Strona główna » Aktualności » Regulski: Chłopcy muszą sobie uświadomić z czym trzeba się mierzyć

Regulski: Chłopcy muszą sobie uświadomić z czym trzeba się mierzyć

Data publikacji: 09-02-2019 17:57



W sobotnie przedpołudnie juniorzy starsi po szalonym pościgu zdołali zremisować z Dalinem Myślenice 3:3 (0:2). Mimo zachowania twarzy w tym starciu trener Regulski nie szczędził słów krytyki wobec swoich podopiecznych. „Nie jestem zadowolony ani z gry, ani z wyniku, bo tak naprawdę zdobyliśmy dwie bramki po prezentach przeciwnika. Nie były to zatem nasze akcje - przemyślane, skonstruowane od początku do końca. Dużo błędów indywidualnych w fazie obrony i ataku” - mówił po meczu.

Fot. Przemek Marczewski Fot. Przemek Marczewski

„Stworzyliśmy niewiele sytuacji. Jesteśmy na takim etapie przygotowań, że ten tydzień poświęciliśmy na grupowych zajęciach w defensywie.

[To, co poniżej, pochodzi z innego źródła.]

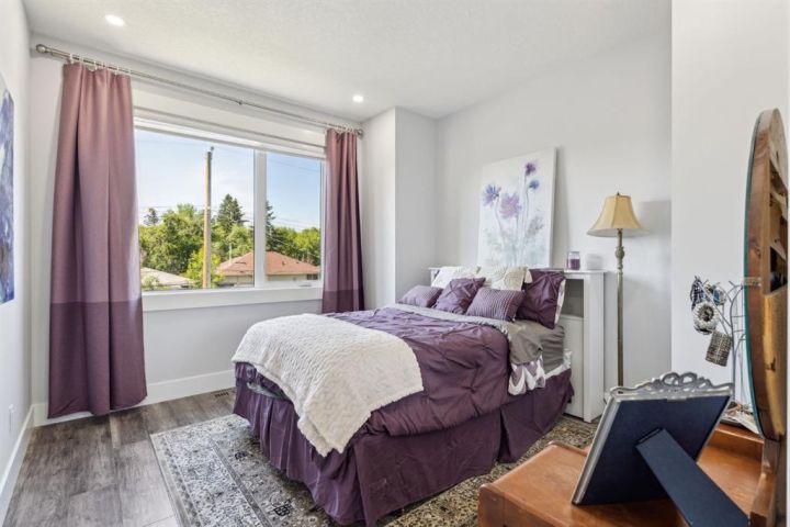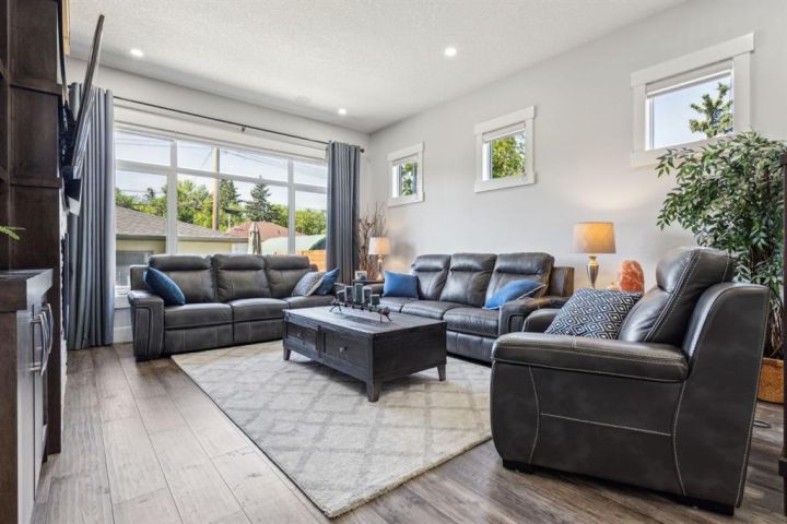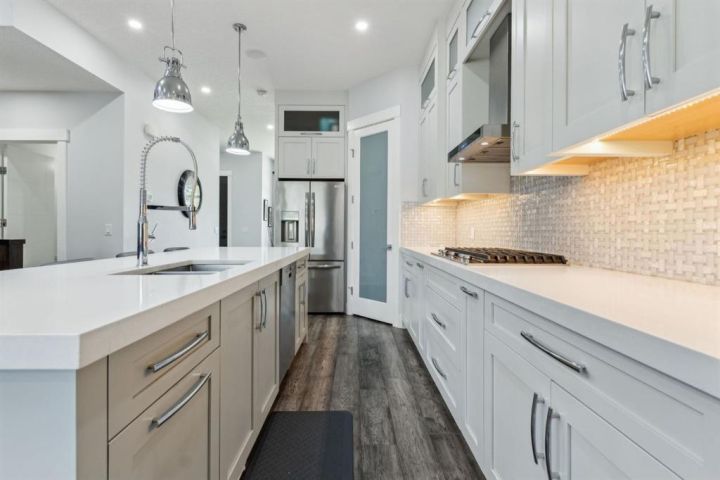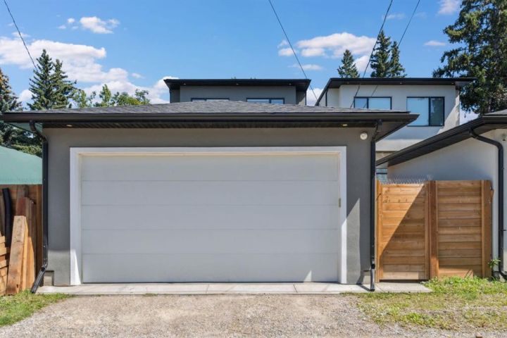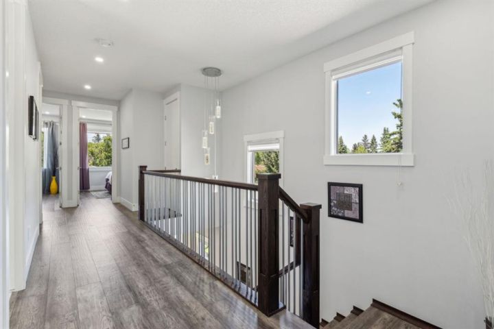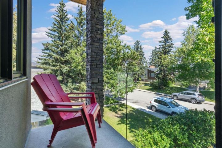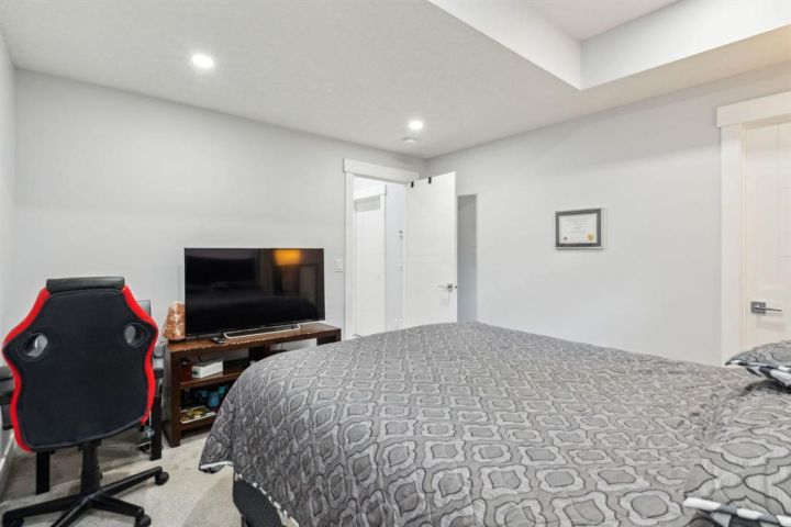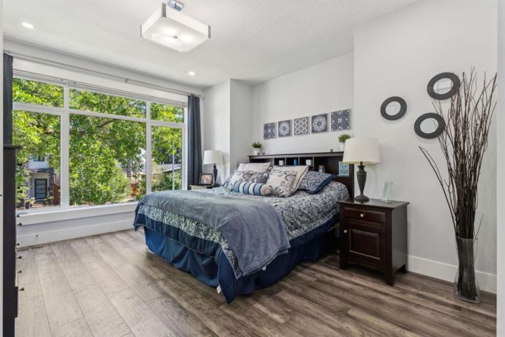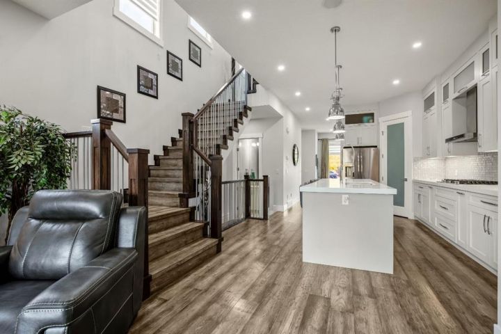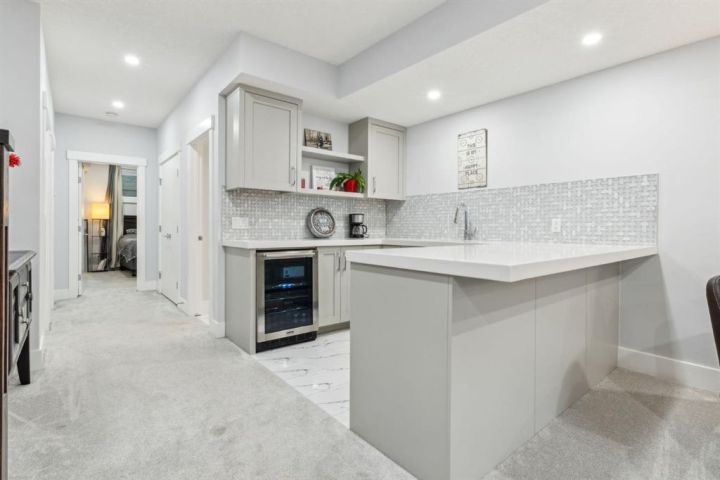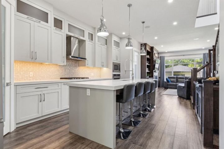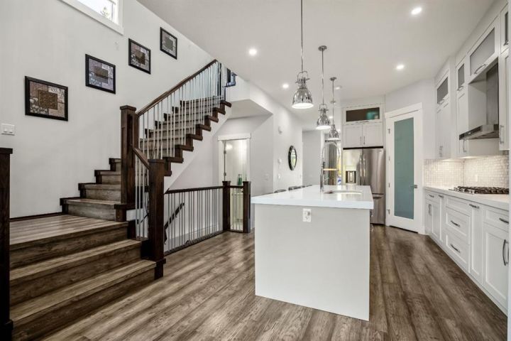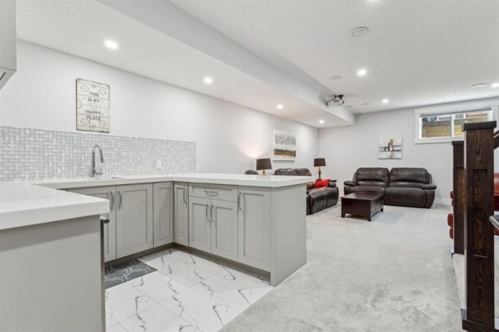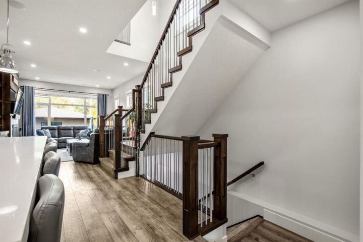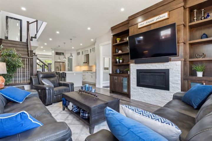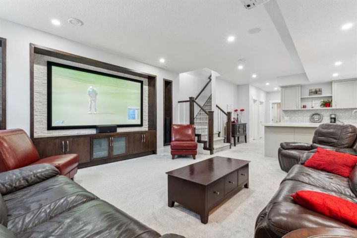 Boasting over 3,300 developed sq ft this impeccable DETACHED home is situated on a quiet picturesque, tree-lined street. As you approach you will notice the masterfully crafted curb appeal, exposed aggregate walkway and attention to detail. You are then greeted by soaring 10-foot ceilings, gleaming hardwood floors and a bright dining room. The central gourmet kitchen is a focal point with custom cabinets that reach to the ceiling, including pull outs and glass inserts, gorgeous 2 ¼” Quartz counters, under cabinet lights, plenty of storage with a corner pantry, and high-end SS appliances including a gas cooktop, built-in wall oven/microwave, chimney style hood fan and Bosh dishwasher. The expansive 10 ft island is ideal for entertaining and seamlessly connects to the spacious living room. The spacious living area is showcases a gas fireplace with stone surround and a built in detail. The main is complete with the powder room tucked away for privacy and a well thought out mud room with custom built-ins. The private well sized SUNNY WEST backyard has plenty of grass, an exposed aggregate patio and path plus a convenient BBQ gas line. Making it the perfect place to enjoy the outdoors. As you head to the second level you will notice the elegant railing, and 9’ ceilings. There are 2 well sized bedrooms with walk-in closets including custom built-ins, a nicely appointed 4 piece bath, and a convenient upper laundry room with sink and plenty of cabinets for storage. The primary is a true sanctuary with large windows, a private balcony to enjoy morning coffees, and a big walk-in closet with built-ins. French doors lead to your luxurious ensuite. This spa inspired space includes heated tile floors, a steam shower, freestanding tub, a private water closet, dual sinks and comfort height stone counters. The fully developed lower level with in SLAB HEAT, is fabulous for those Alberta winters. There is a large rec room showcasing a projector and 100 inch screen with custom cabinetry, perfect for movie night or your favorite sporting events. This space is complete with a sleek wet bar including beverage fridge. An additional fourth bedroom with walk in closet and a full 4-piece bathroom. Other noteworthy features are the Double detached garage with 220 wiring, the comforts of air conditioning, upgraded solid core doors, flush mount vents, built in speaker system, security cameras, upgraded roof with full ice and water shield membrane, upgraded roof ventilation and added R50 blown insulation creating energy efficiencies. Just minutes from excellent schools, athletic fields, and Westhills Shopping Centre, including Save-On-Foods, GoodLife Fitness, Cineplex, The Keg, Tim Hortons, and much more. Enjoy quick access to Stoney Trail, Sarcee Trail, and downtown. Don’t miss your chance to own this pristine home. View the virtual tour or book your private showing today!

Na pewno musimy przypomnieć sobie organizację w pressingu wysokim oraz średnim, bo to dzisiaj kompletnie nie funkcjonowało. Brakuje nam szybkości w indywidualnych zachowaniach i nie wygląda to tak, jak bym sobie tego życzył” - przyznał zaniepokojony szkoleniowiec.

Ścianą niemal nie do przejścia dla Wiślaków był duet środkowych obrońców myślenickiej ekipy. „Z takim przeciwnikiem, jak Dalin trzeba się wykazać piłkarską inteligencją. Grając z rywalem mocniejszym, większym i lepszym fizycznie należy szukać innego sposobu, by go ograć, a na pewno szybko podejmować decyzje. Takie gry z seniorami właśnie po to są. Za chwilę ci chłopcy będą mieć aspiracje, by grać gdzieś wyżej i muszą sobie uświadomić z czym trzeba się mierzyć” - stwierdził.

W 40. minucie sparingu kontuzji doznał Patryk Moskiewicz. Jak poważny jest ten uraz? „Na ten moment wygląda to dość poważnie. Rozmawiałem z naszym sztabem medycznym i prawdopodobnie uszkodzeniu uległ staw skokowy. Myślę, że dalsza diagnoza pozwoli nam wykluczyć dłuższą przerwę Patryka” - żywił nadzieję opiekun juniorów starszych.

Wiślacy na obczyźnie

W składzie wystąpiło aż trzech Wiślaków, których Paweł Regulski miał pod swoimi skrzydłami. „Rozmawiałem na temat Kuby Żółkosia z trenerem Orłowskim. To wzór pracy i solidności - w tych aspektach nic się nie zmieniło. W ocenie szkoleniowca Dalinu Karol Rak wykazuje się sporym zaangażowaniem, co nie zawsze było normą podczas jego pobytu u nas. Adrian Grzybek to też zawodnik, który prezentował wysokie umiejętności i potencjał” - dodał z nutą nostalgii.

Kolektyw juniorów starszych jest obecnie intensywnie sprawdzany przez sztab szkoleniowy pierwszej drużyny. Jak bardzo utrudnia to głowie ekipy CLJ w przygotowaniach do sezonu? „Miałem plan, by sprawdzić Daniela Hoyo-Kowalskiego i Jakuba Zimę. Na pewno brakowało mi na boisku Dawida Szota. Chłopcy będący w orbicie zainteresowań trenera Stolarczyka stanowią jakość naszego zespołu. Ich nieobecność jest odczuwalna.”

Miejsce w środku obrony było dziś zarezerwowane dla Jakuba Zimy. Czy to właśnie tam widzi go trener? „To był pierwszy mecz Kuby z nami. Chciałem go sprawdzić w meczu z Jagiellonią, ale wyłączyła go choroba. Aktualnie niczego nie wykluczam” - wyjaśniał Paweł Regulski.